I'm asexual. It took me a long time to come to that realization. Some people come to the realization of their own sexuality rather quickly; others (like me) take longer to catch on to the idea.
Asexual means I don't experience sexual attraction to others. There isn't anything wrong with my libido or my hormones (if I had a dollar for every time someone asked me that). And if you ask me if I'm asexual because I've been traumatized in some way, I will break your pinkie toe (probably both of them, because that's deeply personal and you just don't ask people that).
And yes, I've had sex before. Multiple times with a variety of people, so my being asexual is not due to the fact I haven't tried it or that I'm secretly gay. And, now that I've reached the point in my life where I have come to terms with my sexuality and am more comfortable with myself, the idea of of having sex again doesn't appeal to me, and, looking back, I never really enjoyed any of the sex I did have with anyone I used to be with.
I'm not a prude though. I think sex is a beautiful thing some people (even sex positive asexuals) enjoy, and I'm the queen of innuendos! But jokes are jokes and the idea of me, myself, actually engaging in sex makes me very uncomfortable (I guess you'd consider me a sex-repulsed asexual). Even kissing (and anything with tongue involved is a big nope) longer than a few seconds makes me uncomfortable! This is why I tend to follow up most of my jokes with "jk I'm Ace" now (because some people take jokes too seriously). Like, am I supposed to recite a disclaimer before each joke? I feel like that would ruin the punchline… I've literally been "propositioned" right after talking about my asexuality. Seriously, people, I know you're thirsty and I'm pretty, but, please, get out of my dms.

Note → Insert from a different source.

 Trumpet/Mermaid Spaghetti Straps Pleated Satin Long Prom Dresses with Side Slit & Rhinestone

And I'm not boring! I've been called boring before, which is ridiculous! I'm the most interesting person I know! I'm not boring because I do not enjoy something. There are plenty of things I do enjoy. I enjoy companionship. I love a good hug and a platonic cuddle. I love a peck on the cheek. I love having my hair played with. Holding hands is really cool with me! I could sit and talk about The Office or the meaning of life for hours. I write about what I'm passionate about and hope what I write helps people who need to read it. And I play Skyrim, obsessively. I love The Elder Scrolls games! I enjoy spending time with a friend or partner on the couch, watching Disney movies. I enjoy a lot of things in life. So, no, I don't think I'm boring because I won't make out with you.

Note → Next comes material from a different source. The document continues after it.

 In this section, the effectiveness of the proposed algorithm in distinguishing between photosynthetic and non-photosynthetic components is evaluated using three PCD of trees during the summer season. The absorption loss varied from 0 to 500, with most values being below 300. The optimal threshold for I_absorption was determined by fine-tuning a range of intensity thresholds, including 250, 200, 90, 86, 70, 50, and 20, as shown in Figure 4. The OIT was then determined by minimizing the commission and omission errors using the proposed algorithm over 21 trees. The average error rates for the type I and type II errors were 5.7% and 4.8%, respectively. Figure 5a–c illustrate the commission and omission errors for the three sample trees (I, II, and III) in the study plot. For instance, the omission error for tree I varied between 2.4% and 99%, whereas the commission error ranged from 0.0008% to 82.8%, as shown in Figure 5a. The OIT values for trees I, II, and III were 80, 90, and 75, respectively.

I'm still continuing my journey of self-discovery every single day in terms of my romantic orientation and what I'm comfortable with in that aspect of life. But, for now, I am perfectly content with my life the way it is now. So, be kind to your local asexual. Don't ask weird and intrusive questions you wouldn't ask anyone else. If you get the urge to say any of the things above that are rude and annoying, don't do that! Resist the urge! Don't be rude and annoying! The LGBTQ+ community is full of variety, and asexuality belongs there.